Le 21 décembre 2020, elle a tenté de mettre en œuvre une procédure de conciliation avec l’entrepreneur qui lui at répondu qu’il considérait ses travaux satisfaisants au regard du prix et a refusé de transmettre les informations relatives à son assurance décennale.
Le même jour, Madame [M] a fait établir un constat d’huissier par Me [W] [G] aux termes duquel ont été relevées plusieurs malfaçons.
Elle a relancé par courrier en date du 23 décembre 2020 l’entrepreneur aux fins de reprise des travaux.
Monsieur [Z] [K] [Y] a refusé d’intervenir pour reprendre ses travaux par courrier en date du 29 décembre 2020, et a invité à faire constater les malfaçons par un expert.

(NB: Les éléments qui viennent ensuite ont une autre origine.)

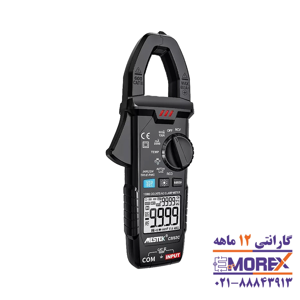 مولتی متر دیجیتالی کلمپی مستک | MESTEK مدل CM83C ابزاری دقیق و چندمنظوره برای اندازهگیری جریان، ولتاژ، دما و تست ولتاژ غیرتماسی است. این دستگاه با طراحی ارگونومیک، نمایشگر با وضوح بالا و قابلیتهای پیشرفته، انتخاب مناسبی برای متخصصان برق و مهندسان فنی است.

Une expertise amiable a été diligentée par l’assureur protection juridique de Madame [M]. Le 8 février 2021 une réunion d’expertise amiable a été organisée par Monsieur [A] mandaté par la MAAF, à laquelle l’entrepreneur n’a pas assisté, bien que convoqué.
Déposé le 30 mars 2021, ce rapport d’expertise amiable a constaté plusieurs malfaçons.
Une deuxième expertise amiable a été confiée à Madame [T] par la compagnie AXA. Bien que convoqué Monsieur [K] n’y a pas participé. Cette deuxième expertise a conclu aux mêmes constatations.
La société a chiffré les travaux de reprise à la somme de 6.153,40 euros TTC.
Par lettre recommandée avec avis de réception du 30 mars 2021, COVEA protection juridique a mis en demeure Monsieur [Z] [K] [Y] de prendre en charge les travaux de reprise à hauteur du chiffrage réalisé par COREBAT.
Par courrier en date du 1er avril 2021, JURIDICA a également adressé à ce dernier une demande en paiement de la somme de 6.153,40 euros au titre de la reprise des malfaçons.
Ces deux courriers sont restés sans réponse.
Par assignation en référé en date du 29 juillet 2021, Madame [M] a attrait Monsieur [Z] [K] [Y] aux fins de voir ordonner une expertise judiciaire, et de lui enjoindre de communiquer son attestation d’assurance civile décennale.
Cette dernière ayant été finalement communiquée, la société MIC INSURANCE a été attrait aux opérations d’expertise selon acte du 4 novembre 2021.
Par ordonnance de référé en date du 14 mars 2022, Monsieur [E] a été désigné en qualité d’expert judiciaire.
Il a déposé son rapport le 18 août 2022.
Des infiltrations d’eau pluviales postérieures au rapport ont été signalées à l’expert.
Par acte extra judiciaire en date du 12 décembre 2022, Madame [F] [V] épouse [M] a attrait devant le tribunal judiciaire de MARSEILLE Monsieur [Z] [K] [Y] et la société MIC INSURANCE COMPANY aux fins de voir indemniser ses préjudices matériels et immatériels.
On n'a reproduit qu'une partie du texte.